> **Provided entries**
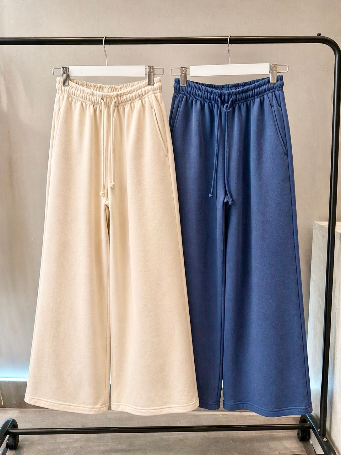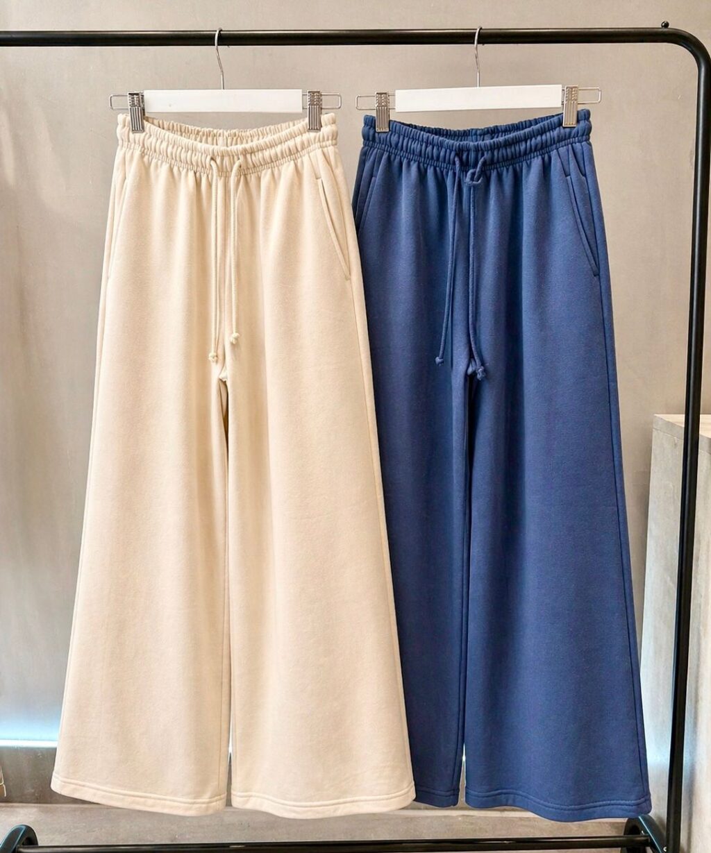 Pantalon de algodón frizado con elastico y cordón, bolsillos laterales.
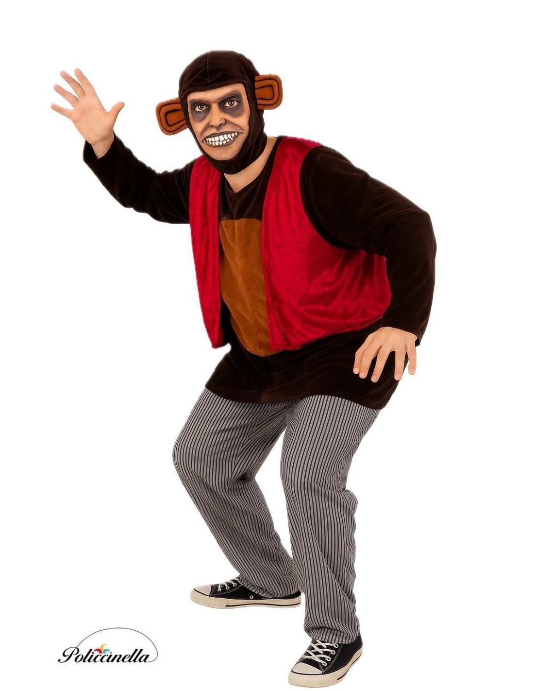 Disturbing and sophisticated, this costume faithfully recreates the sinister ape. It includes a velvet hood with integrated ears, a shirt with Velcro closure at the neck, a soft velvet vest, and machine-knit pants with an elastic waistband and inner pocket. Every detail evokes the disturbing presence of the killer monkey, ideal for those seeking a striking, comfortable outfit filled with cinematic tension.
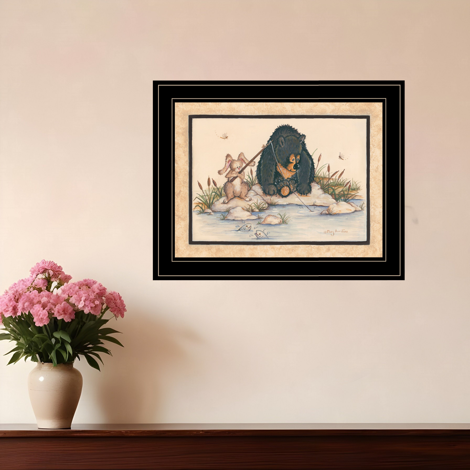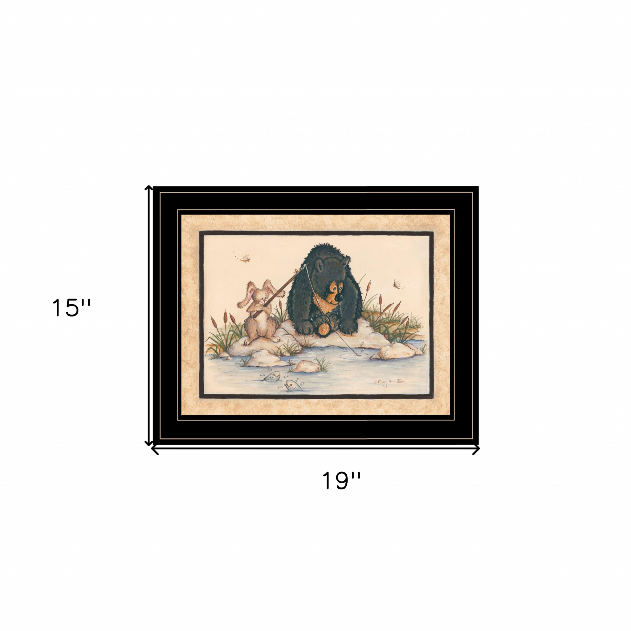 The gone fishing 2 black framed print wall art is the perfect decorative accessory for your home. Update your walls with this woodland animal decor. This print is a visual artistic expression that allows you to decorate your space in style. Reproduced for you on paper, this hanging decorative accent will be a trendy and fashionable way to dress your walls. Hang on your wall to add some up to date fashion and decoration. Utilize this opportunity to create a focal point in the room with this fabulous wall decor option. 15-inch H x 19-inch W x 1-inch D
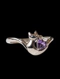 アメシストのハートカットの石をねこちゃんが持っているデザインです。
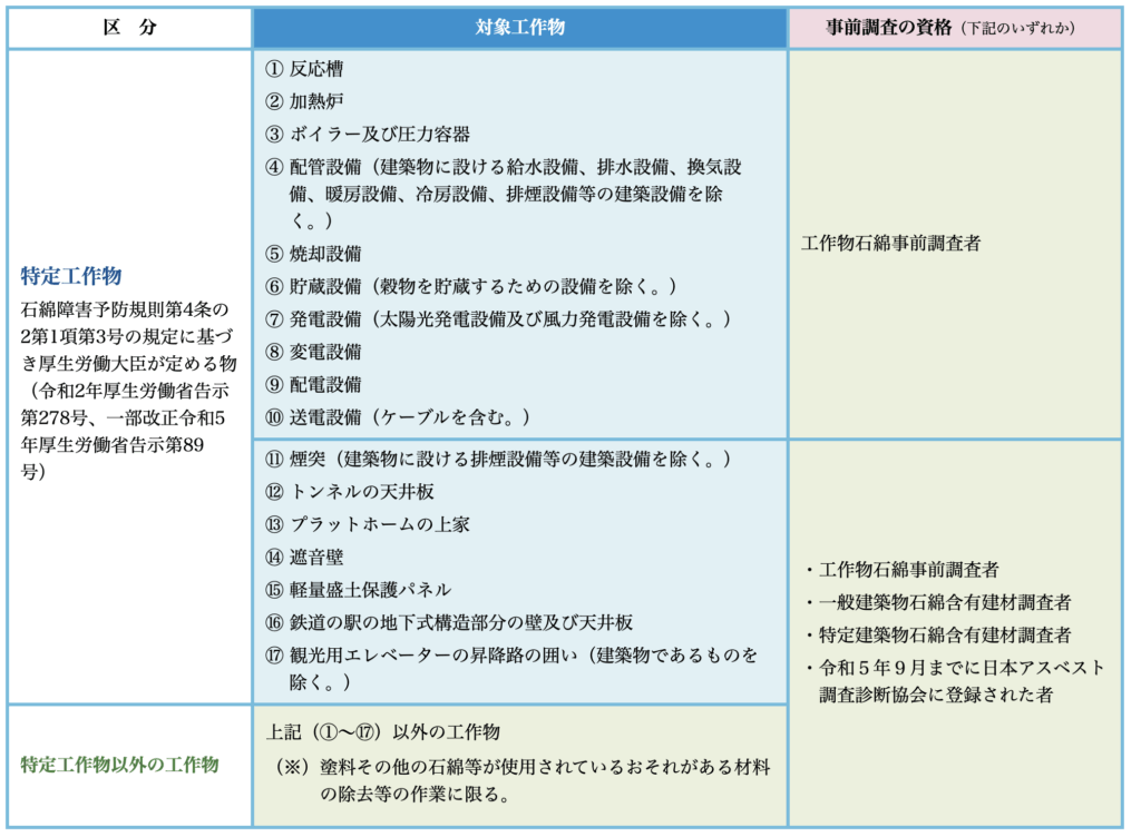 具体的には、令和2年厚生労働省告示第278号(「工作物石綿事前調査者関係」告示)に列記されており、各対象工作物に対し、事前調査を実施することができる者は下表のとおりである。
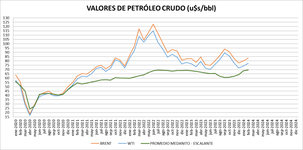 Se ralentizó en febrero de 2024 el aumento del precio local del crudo, que había iniciado en enero el camino a su paridad con el internacional. La brecha entre el promedio Escalante – Medanito y el crudo Brent aumentó al 20,11%.
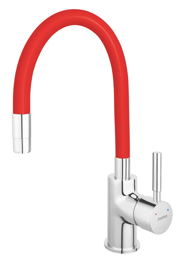 Bateria Zumba BZA4R de la Ferro este de tip monocomanda si se remarca prin imbinarea dintre finisajul cromat si cel rosu. Aceasta este prevazuta cu o pipa elastica, a carei forma se poate modela in functie de nevoi.
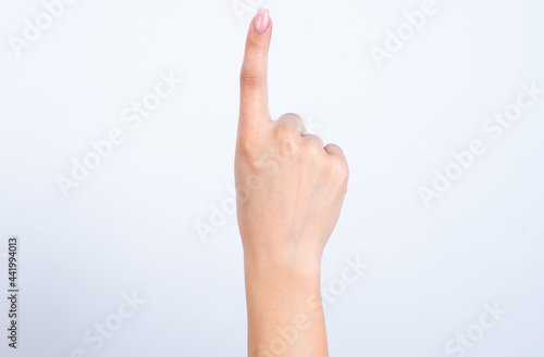Woman's hand with pink manicure over isolated white background pointing with fingers number one.
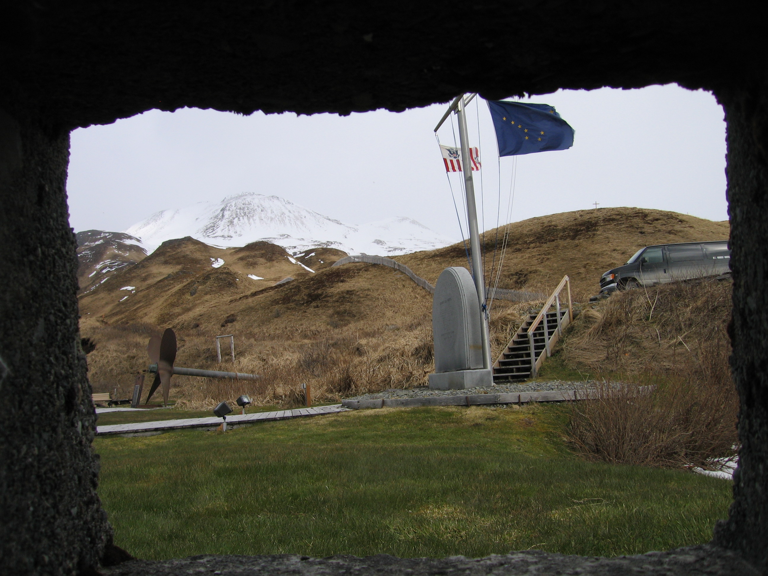 View looking out from inside WWII concrete bunker near Dutch Harbor, AK.
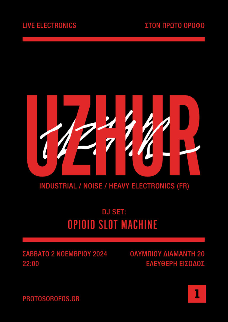 Οι Uzhur είναι ένα ντουέτο, με έδρα το Παρίσι, εμπνευσμένο από την industrial, τη doom, τη noise μουσική και τη “βαθιά ακρόαση”. Κυκλοφόρησαν το πρώτο τους LP το 2023 σε βινύλιο στην Nahal Recordings. Ο Jean-Charles Bastion και ο Fabien Rios χρησιμοποιούν ένα μείγμα ηλεκτρονικών οργάνων με ηλεκτρικές κιθάρες και φωνητικά για να εξερευνήσουν μια βίαιη όσο και ποιητική αισθητική με feedback και interconnections. Η μουσική τους παραπέμπει σε μετα-αποκαλυπτικά τοπία με επεξεργασμένα φωνητικά που θυμίζουν μάντρας. Στην συναυλία στον Πρώτο Όροφο θα συμμετάσχει και ο φωτιστής/video artist των Uzhur, Greg Orio.

> **Aim of the task**
Repeat every entry exactly. Do not include the pictures.

> **Final answer**
 Pantalon de algodón frizado con elastico y cordón, bolsillos laterales.
 Disturbing and sophisticated, this costume faithfully recreates the sinister ape. It includes a velvet hood with integrated ears, a shirt with Velcro closure at the neck, a soft velvet vest, and machine-knit pants with an elastic waistband and inner pocket. Every detail evokes the disturbing presence of the killer monkey, ideal for those seeking a striking, comfortable outfit filled with cinematic tension.
 The gone fishing 2 black framed print wall art is the perfect decorative accessory for your home. Update your walls with this woodland animal decor. This print is a visual artistic expression that allows you to decorate your space in style. Reproduced for you on paper, this hanging decorative accent will be a trendy and fashionable way to dress your walls. Hang on your wall to add some up to date fashion and decoration. Utilize this opportunity to create a focal point in the room with this fabulous wall decor option. 15-inch H x 19-inch W x 1-inch D
 アメシストのハートカットの石をねこちゃんが持っているデザインです。
 具体的には、令和2年厚生労働省告示第278号(「工作物石綿事前調査者関係」告示)に列記されており、各対象工作物に対し、事前調査を実施することができる者は下表のとおりである。
 Se ralentizó en febrero de 2024 el aumento del precio local del crudo, que había iniciado en enero el camino a su paridad con el internacional. La brecha entre el promedio Escalante – Medanito y el crudo Brent aumentó al 20,11%.
 Bateria Zumba BZA4R de la Ferro este de tip monocomanda si se remarca prin imbinarea dintre finisajul cromat si cel rosu. Aceasta este prevazuta cu o pipa elastica, a carei forma se poate modela in functie de nevoi.
Woman's hand with pink manicure over isolated white background pointing with fingers number one.
 View looking out from inside WWII concrete bunker near Dutch Harbor, AK.
 Οι Uzhur είναι ένα ντουέτο, με έδρα το Παρίσι, εμπνευσμένο από την industrial, τη doom, τη noise μουσική και τη “βαθιά ακρόαση”. Κυκλοφόρησαν το πρώτο τους LP το 2023 σε βινύλιο στην Nahal Recordings. Ο Jean-Charles Bastion και ο Fabien Rios χρησιμοποιούν ένα μείγμα ηλεκτρονικών οργάνων με ηλεκτρικές κιθάρες και φωνητικά για να εξερευνήσουν μια βίαιη όσο και ποιητική αισθητική με feedback και interconnections. Η μουσική τους παραπέμπει σε μετα-αποκαλυπτικά τοπία με επεξεργασμένα φωνητικά που θυμίζουν μάντρας. Στην συναυλία στον Πρώτο Όροφο θα συμμετάσχει και ο φωτιστής/video artist των Uzhur, Greg Orio.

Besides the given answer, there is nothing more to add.